[Entries taken from a collection]
—————

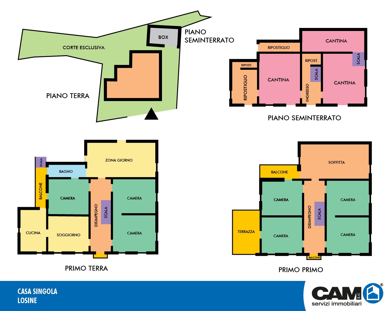 Completano la proprietà un grande e recente box auto in corpo staccato di circa 80,00 mq. oltre a giardino e corte esterna cintati di circa 500,00 mq..
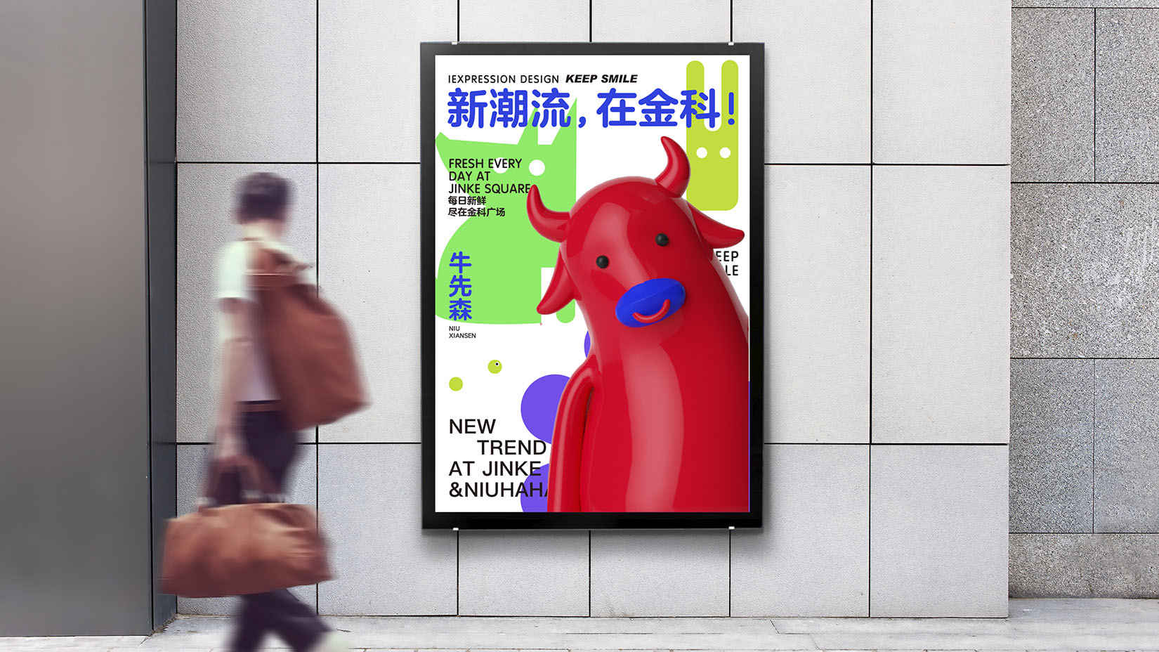 视域承担北京华融新科广场品牌IP形象的设计工作,IP形象设计以牛为原型,代表新科广场金融的行业属性。牛先森以通体红色的形象呈现,鼻子以蓝色点缀,红色代表激情快乐,蓝色代表运动律动,彰显出新科广场街头、潮流的氛围感。牛先森以“牛”的谐音和“牛”的外形寓意了新科广场的NEW状态,迎合了新科广场新地标的定位。
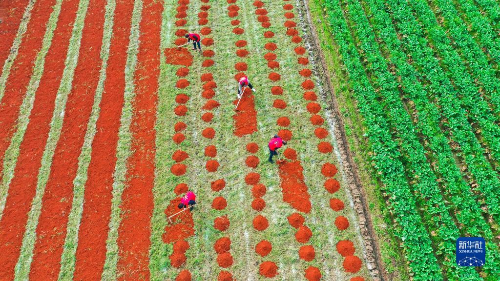 3月3日,在湖南省衡陽(yáng)市常寧市西嶺鎮桐江村,志愿者幫助村民整理旱床育苗苗床(無(wú)人機照片)。
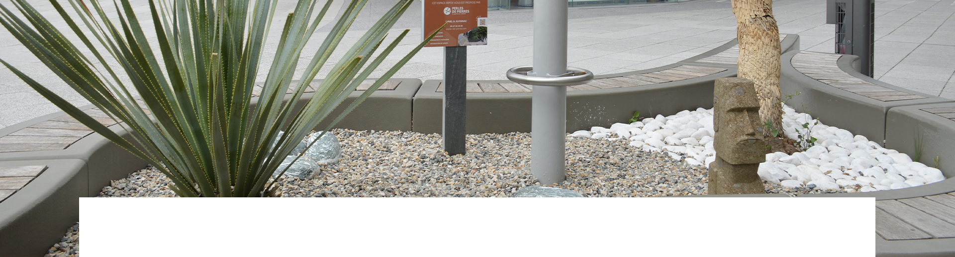 Notre centre ludico-commercial étant à ciel ouvert, il subit en permanence les aléas climatiques : pluie, vent marin, soleil intense… Il est difficile pour nous de ponctuer notre établissement avec des décorations puisque peu de décors survivent à ces aléas. Nous avons donc imaginé donner du « pep’s » à notre décoration avec de beaux matériaux résistants en pierre naturelle.
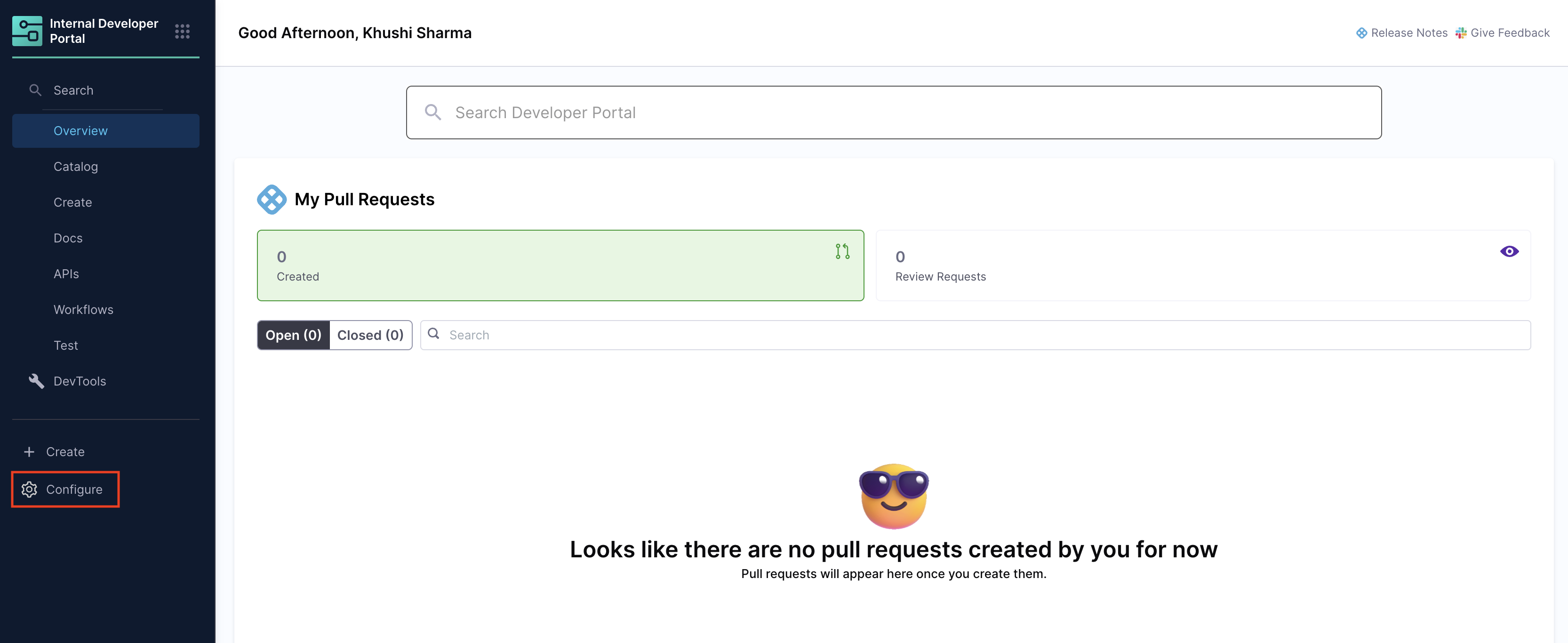 1. Navigate to Harness IDP and click "Configure" from the main menu.
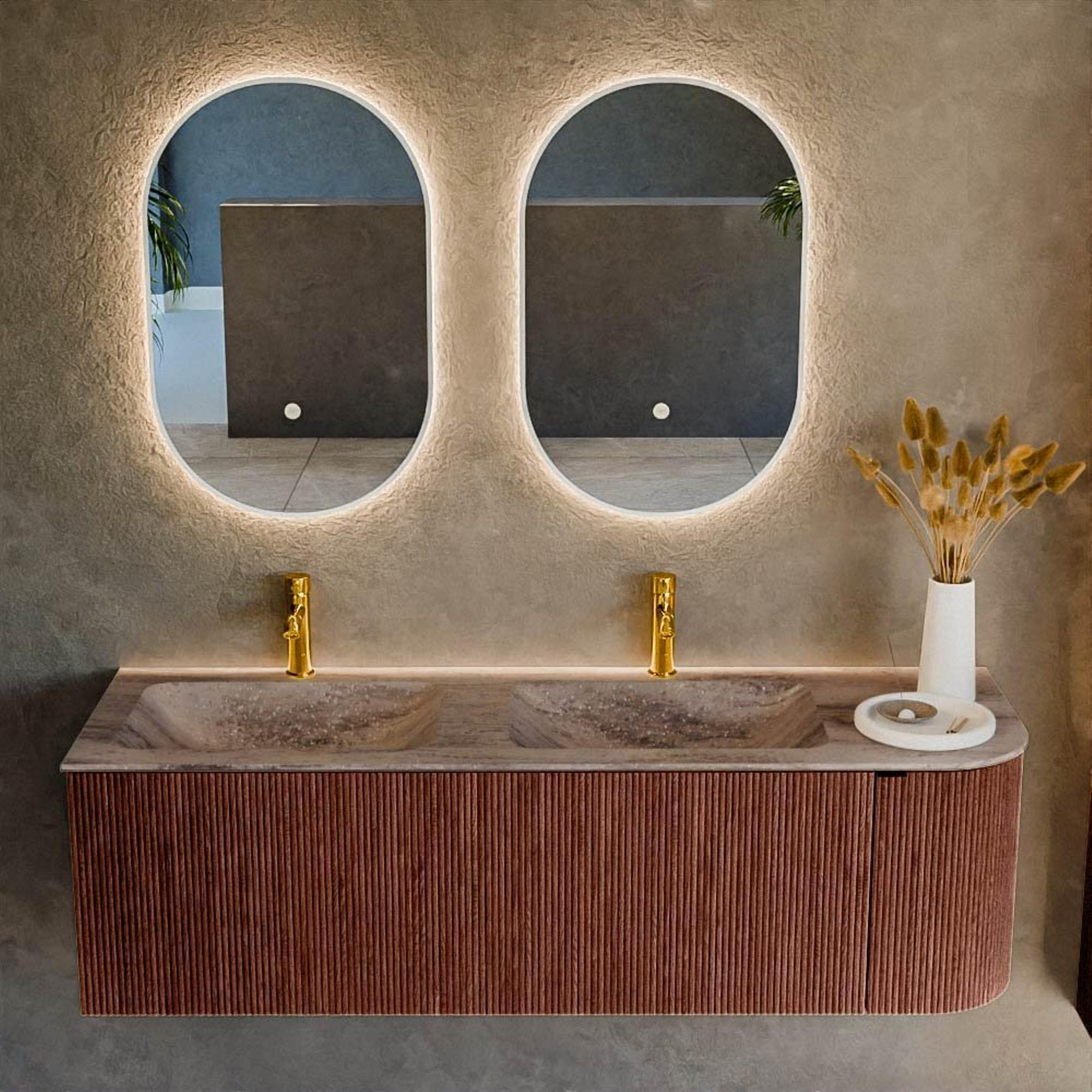 Avec ce meuble de salle de bains spacieux, vous faites entrer un véritable accroche-regard chez vous qui combine sans effort fonctionnalité et design. La forme arrondie sur le côté droit apporte une ligne douce et organique dans votre salle de bains, tandis que la chaleureuse couleur Ruby ajoute immédiatement de l’ambiance et du luxe. Grâce à sa grande largeur, ce meuble est idéal pour les salles de bains de taille moyenne à grande, que vous ayez une vie de famille bien remplie ou que vous souhaitiez simplement disposer de tout l’espace nécessaire pour votre rituel quotidien. La double vasque offre un confort lorsque vous commencez la journée à deux, tandis que l’agencement pratique avec tiroir et porte permet de garder vos produits de soin bien à l’abri des regards. Grâce au montage mural, l’ensemble paraît en outre particulièrement aéré et épuré, ce qui rend ce meuble parfait pour les salles de bains modernes et axées sur le design.
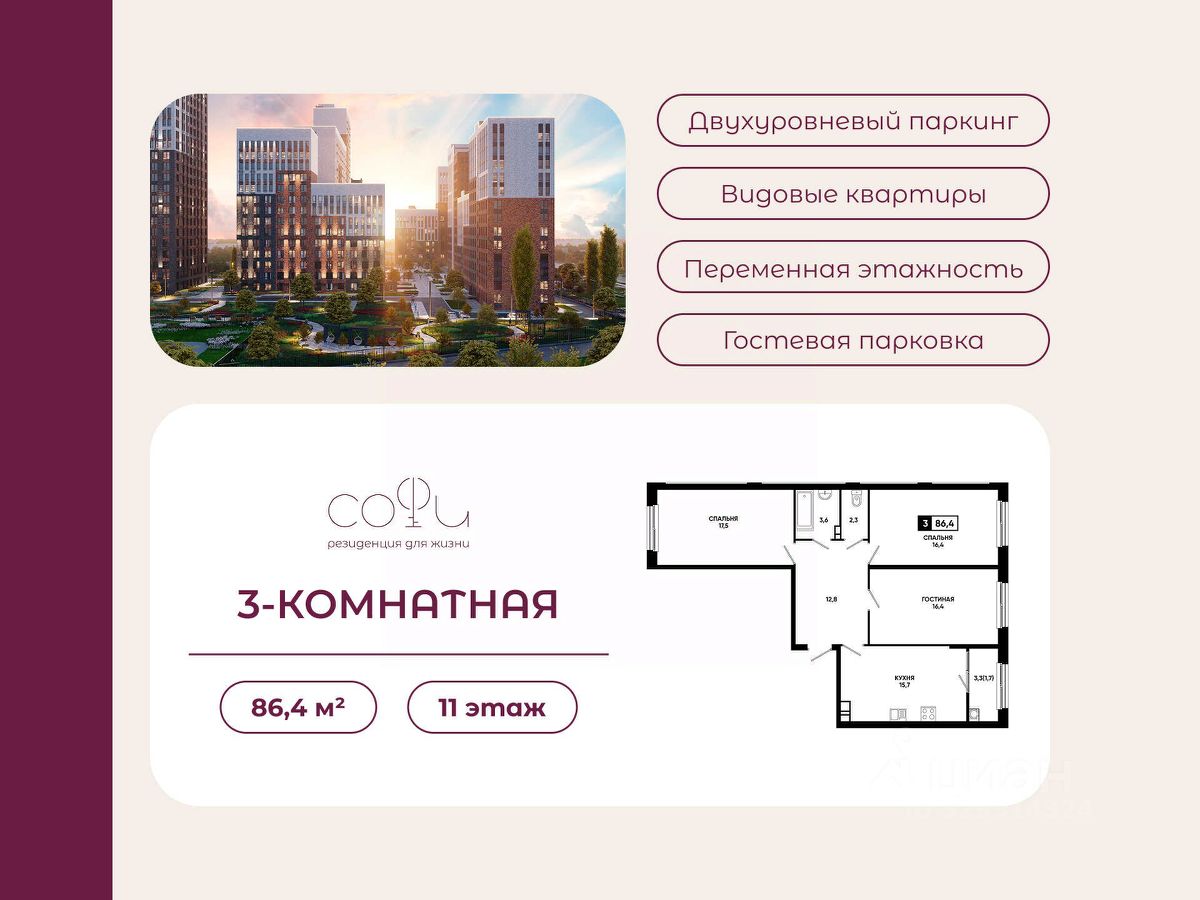 3-комнатная квартира в ЖК "Софи" — идеальный выбор для большой семьи с комфортом и выгодой от надежного застройщика ЮгСтройИнвест. Хотите жить в стильном комплексе с улучшенной инфраструктурой и качественным строительством? ЖК "Софи" — это удобный и безопасный жилой квартал с современными 3-комнатными квартирами, которые идеально подойдут для комфортной жизни. О застройщике: ЮгСтройИнвест — один из самых надежных российских девелоперов: строим по 214-ФЗ, сдаем дома срок в срок, делаем упор на благоустройство и комфорт. В Ставрополе компания уже реализовала десятки успешных кварталов. Планировка квартиры: — 3-комнатная квартира с функциональными и удобными комнатами для вашей семьи; — Большая кухня-гостиная, раздельные спальни, продуманное зонирование для вашего удобства. Для кого — это удобно: Семьям или парам, которым нужна квартира с раздельными комнатами; Молодым людям, кому нужна комфортная планировка по разумной цене; Тем, кто хочет сочетать тишину и удобство городской жизни; Тем, кому важен готовый дом, инфраструктура и безопасность. Жилой комплекс "Софи": — Закрытая территория, где нет машин, безопасно для детей и взрослых; — Зеленые зоны, спортивные и детские площадки — активный отдых на свежем воздухе; — Подземный паркинг, гостевые парковочные места для удобства владельцев автомобилей. Акции и предложения: Скидка до 5 000 ₽/м² для работников социальной сферы, медиков и студентов. Выгодная ипотека — ставка от 3,5% для семей. Условия покупки: — Доступная ипотека по всем популярным программам; — Рассрочка от застройщика; — Материнский капитал; — Дистанционная сделка; — Официальные договоры по 214-ФЗ. Преимущества покупки квартиры в ЖК "Софи": Приятные цены и выгодные акции; Просторные квартиры с современными планировками; Удобное расположение и отличная инфраструктура; Безопасность и комфорт для всей семьи. Напишите нам — подберем квартиру вашей мечты, расскажем о лучших вариантах и актуальных скидках! Не упустите ваш шанс начать новую жизнь в качественном, современном и комфортном доме от ЮгСтройИнвест. * Рендеры носят иллюстративный характер и демонстрируют возможный вариант оформления квартиры, не являясь ремонтом от застройщика.

—————

Could you set down every record above word for word, leaving out the pictures?

Exercise solution
 Completano la proprietà un grande e recente box auto in corpo staccato di circa 80,00 mq. oltre a giardino e corte esterna cintati di circa 500,00 mq..
 视域承担北京华融新科广场品牌IP形象的设计工作,IP形象设计以牛为原型,代表新科广场金融的行业属性。牛先森以通体红色的形象呈现,鼻子以蓝色点缀,红色代表激情快乐,蓝色代表运动律动,彰显出新科广场街头、潮流的氛围感。牛先森以“牛”的谐音和“牛”的外形寓意了新科广场的NEW状态,迎合了新科广场新地标的定位。
 3月3日,在湖南省衡陽(yáng)市常寧市西嶺鎮桐江村,志愿者幫助村民整理旱床育苗苗床(無(wú)人機照片)。
 Notre centre ludico-commercial étant à ciel ouvert, il subit en permanence les aléas climatiques : pluie, vent marin, soleil intense… Il est difficile pour nous de ponctuer notre établissement avec des décorations puisque peu de décors survivent à ces aléas. Nous avons donc imaginé donner du « pep’s » à notre décoration avec de beaux matériaux résistants en pierre naturelle.
 1. Navigate to Harness IDP and click "Configure" from the main menu.
 Avec ce meuble de salle de bains spacieux, vous faites entrer un véritable accroche-regard chez vous qui combine sans effort fonctionnalité et design. La forme arrondie sur le côté droit apporte une ligne douce et organique dans votre salle de bains, tandis que la chaleureuse couleur Ruby ajoute immédiatement de l’ambiance et du luxe. Grâce à sa grande largeur, ce meuble est idéal pour les salles de bains de taille moyenne à grande, que vous ayez une vie de famille bien remplie ou que vous souhaitiez simplement disposer de tout l’espace nécessaire pour votre rituel quotidien. La double vasque offre un confort lorsque vous commencez la journée à deux, tandis que l’agencement pratique avec tiroir et porte permet de garder vos produits de soin bien à l’abri des regards. Grâce au montage mural, l’ensemble paraît en outre particulièrement aéré et épuré, ce qui rend ce meuble parfait pour les salles de bains modernes et axées sur le design.
 3-комнатная квартира в ЖК "Софи" — идеальный выбор для большой семьи с комфортом и выгодой от надежного застройщика ЮгСтройИнвест. Хотите жить в стильном комплексе с улучшенной инфраструктурой и качественным строительством? ЖК "Софи" — это удобный и безопасный жилой квартал с современными 3-комнатными квартирами, которые идеально подойдут для комфортной жизни. О застройщике: ЮгСтройИнвест — один из самых надежных российских девелоперов: строим по 214-ФЗ, сдаем дома срок в срок, делаем упор на благоустройство и комфорт. В Ставрополе компания уже реализовала десятки успешных кварталов. Планировка квартиры: — 3-комнатная квартира с функциональными и удобными комнатами для вашей семьи; — Большая кухня-гостиная, раздельные спальни, продуманное зонирование для вашего удобства. Для кого — это удобно: Семьям или парам, которым нужна квартира с раздельными комнатами; Молодым людям, кому нужна комфортная планировка по разумной цене; Тем, кто хочет сочетать тишину и удобство городской жизни; Тем, кому важен готовый дом, инфраструктура и безопасность. Жилой комплекс "Софи": — Закрытая территория, где нет машин, безопасно для детей и взрослых; — Зеленые зоны, спортивные и детские площадки — активный отдых на свежем воздухе; — Подземный паркинг, гостевые парковочные места для удобства владельцев автомобилей. Акции и предложения: Скидка до 5 000 ₽/м² для работников социальной сферы, медиков и студентов. Выгодная ипотека — ставка от 3,5% для семей. Условия покупки: — Доступная ипотека по всем популярным программам; — Рассрочка от застройщика; — Материнский капитал; — Дистанционная сделка; — Официальные договоры по 214-ФЗ. Преимущества покупки квартиры в ЖК "Софи": Приятные цены и выгодные акции; Просторные квартиры с современными планировками; Удобное расположение и отличная инфраструктура; Безопасность и комфорт для всей семьи. Напишите нам — подберем квартиру вашей мечты, расскажем о лучших вариантах и актуальных скидках! Не упустите ваш шанс начать новую жизнь в качественном, современном и комфортном доме от ЮгСтройИнвест. * Рендеры носят иллюстративный характер и демонстрируют возможный вариант оформления квартиры, не являясь ремонтом от застройщика.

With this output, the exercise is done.